> **WHAT IS BEING ASKED**
The whole listing below, with no pictures, is to be repeated as it stands.
[INFORMATION PROVIDED — start]
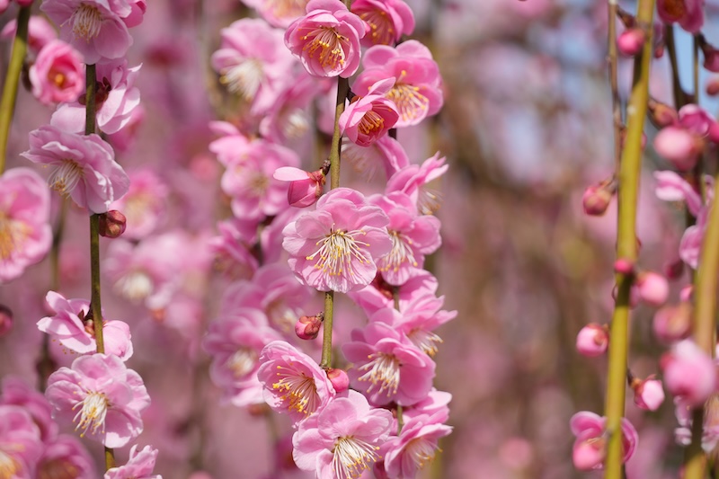 「鈴鹿の森庭園」では約200本の梅の名木が植栽されており、最も本数が多い「呉服しだれ」は2月26日の時点で七分咲きとなっています。連日の陽気により開花が進んでいる状況で、週末2月28日には見頃を迎えると予想されます。また、「八重月影しだれ」などすでに見頃を迎えている品種もあります。(同じ品種でも木によって咲き具合は若干の個体差があります)
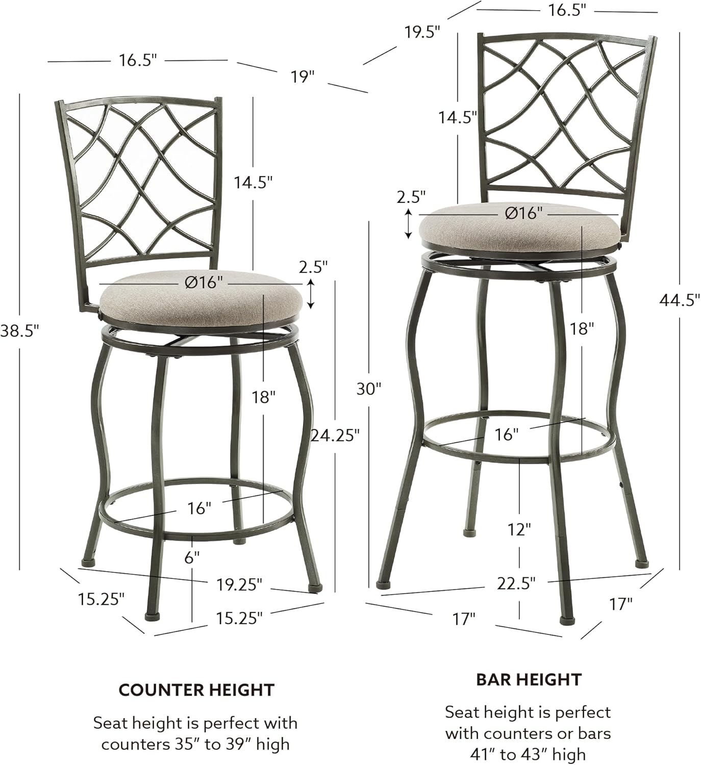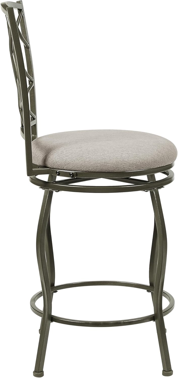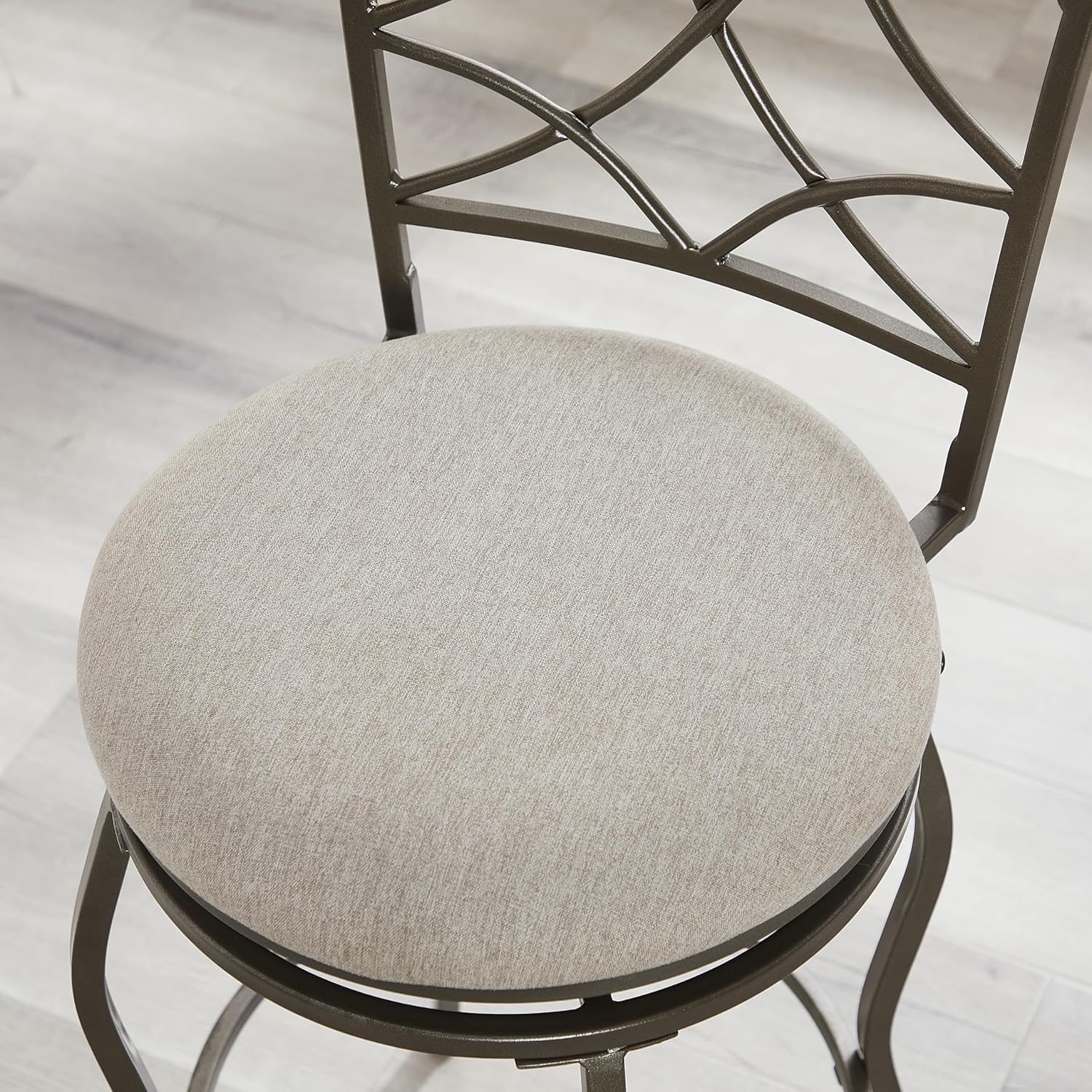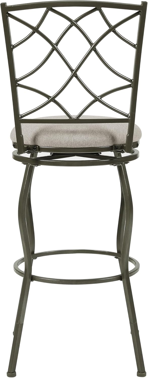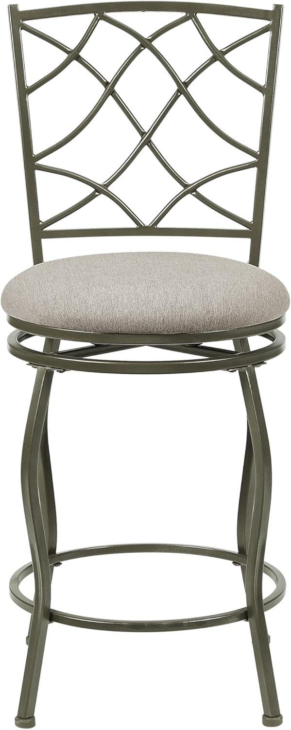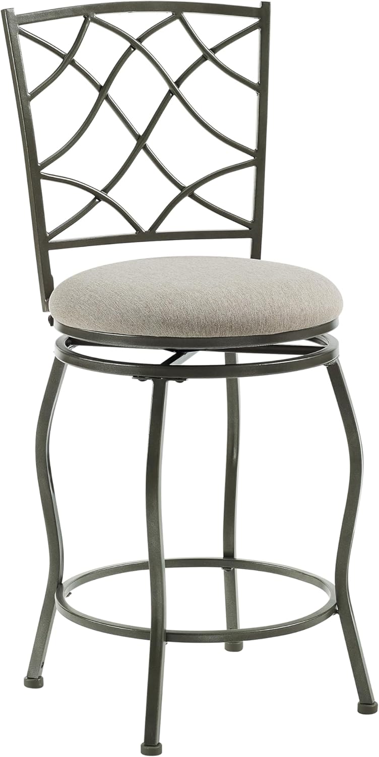 Linon Casey Pewter Metal Adjustable Height Swivel Stools with Beige Upholstered Seats Set of 3
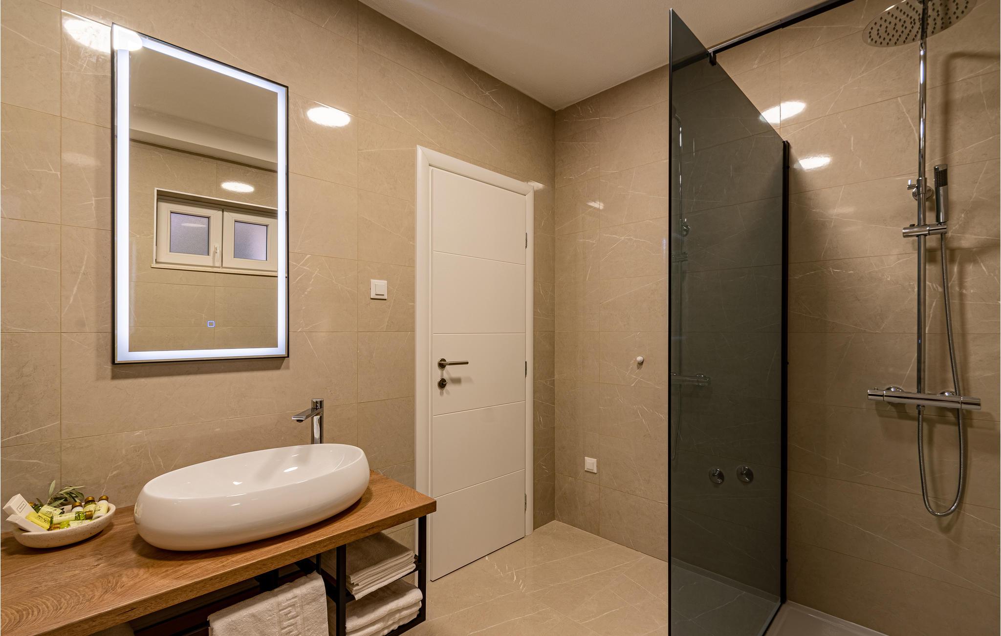 - WC med varmt og kaldt vann, Dusj
[INFORMATION PROVIDED — finish]
> **ANSWER SPACE**
 「鈴鹿の森庭園」では約200本の梅の名木が植栽されており、最も本数が多い「呉服しだれ」は2月26日の時点で七分咲きとなっています。連日の陽気により開花が進んでいる状況で、週末2月28日には見頃を迎えると予想されます。また、「八重月影しだれ」などすでに見頃を迎えている品種もあります。(同じ品種でも木によって咲き具合は若干の個体差があります)
 Linon Casey Pewter Metal Adjustable Height Swivel Stools with Beige Upholstered Seats Set of 3
 - WC med varmt og kaldt vann, Dusj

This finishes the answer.